Tokoh Pemuda, Yusuf Roni Hunjun Huke: Lembaga Survey Pilgub Kalteng Menuai Pro dan Kontra

Tokoh Pemuda, Yusuf Roni Hunjun Huke: Lembaga Survey Pilgub Kalteng Menuai Pro dan Kontra

PALANGKA RAYA – Menyingkapi maraknya beredar rilis beberapa hasil Lembaga Survey terhadap hasil Polling Kandidat Calon Gubernur dan Wakil Gubernur Provinsi Kalimantan Tengah (Kalteng). Hal ini tentunya menuai Pro dan Kontra ditengah - tengah masyarakat, apabila tidak disikapi dengan baik, akan menimbulkan kegaduhan.

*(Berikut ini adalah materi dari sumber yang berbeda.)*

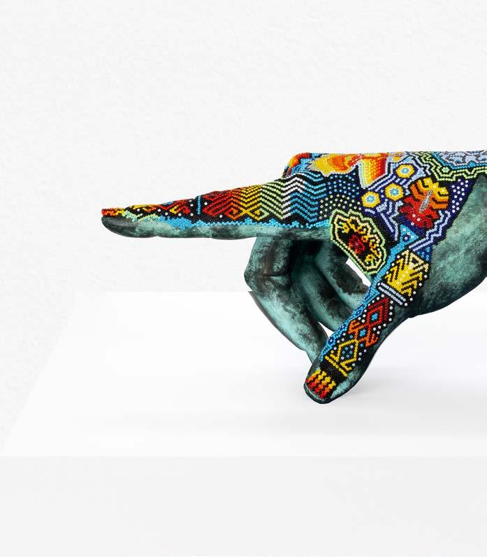 The most remarkable thing is that this artist relates elements as simple as confiscated knives and transforms them into music boxes, where the melodies of military marches of the great empires resound, drawing a parallel between great wars and battles waged by those who use this common utensil to survive. In this regard, Carlos comments: “Weapons are objects employed both to defend and attack, as well as to wage war at the highest level.” This statement also brings to light the cultural syncretism and the enthroned violence that we are surrounded by around the world. Therefore, he is very firm when he states “violence from one over another is a constant that also happens in nature, not just for humankind.” However, it is important to note that he does not force us to take any specific stance. Instead, he draws a historical and reflective itinerary where he appropriates certain symbols and gives them new meaning so others interpret and question them, or they assign them the load they deem adequate. His sculptures of Christopher Columbus and Isabella the Catholic that were intervened with plastic beadwork, a symbol of the Inga culture of Putumayo are an example of this. Carlos is very clear on one point: “We cannot think about these 500 years without Columbus. We grew with the intention to decolonize, but it is impossible to erase that past. These characters have moved all of us and we cannot forget, nor knock down, thins we cannot change. It is important people know this because history is cyclical.”

Pemilihan Gubernur (Pilgub) dan Wakil Gubernur Kalteng yang akan dilaksanakan , 9 Desember 2020 nanti, akan menentukan nasib masyarakat Kalteng kedepannya. Tentunya nanti diharapkan pemimpin yang benar - benar sosok yang bisa membawa masyarakat Kalteng, lebih sejahtera dan bermartabat serta bisa menjaga kearipan lokal budaya Dayak khususnya.

Salah satu Tokoh Pemuda Kalteng dan Pengamat Politik, Yusuf Roni Hunjun Huke menyampaikan Rilis terkait maraknya beredarnya hasil Polling dari Lembaga Survey Pemilihan Kepala Daerah dan Wakil Kepala Daerah Kalteng.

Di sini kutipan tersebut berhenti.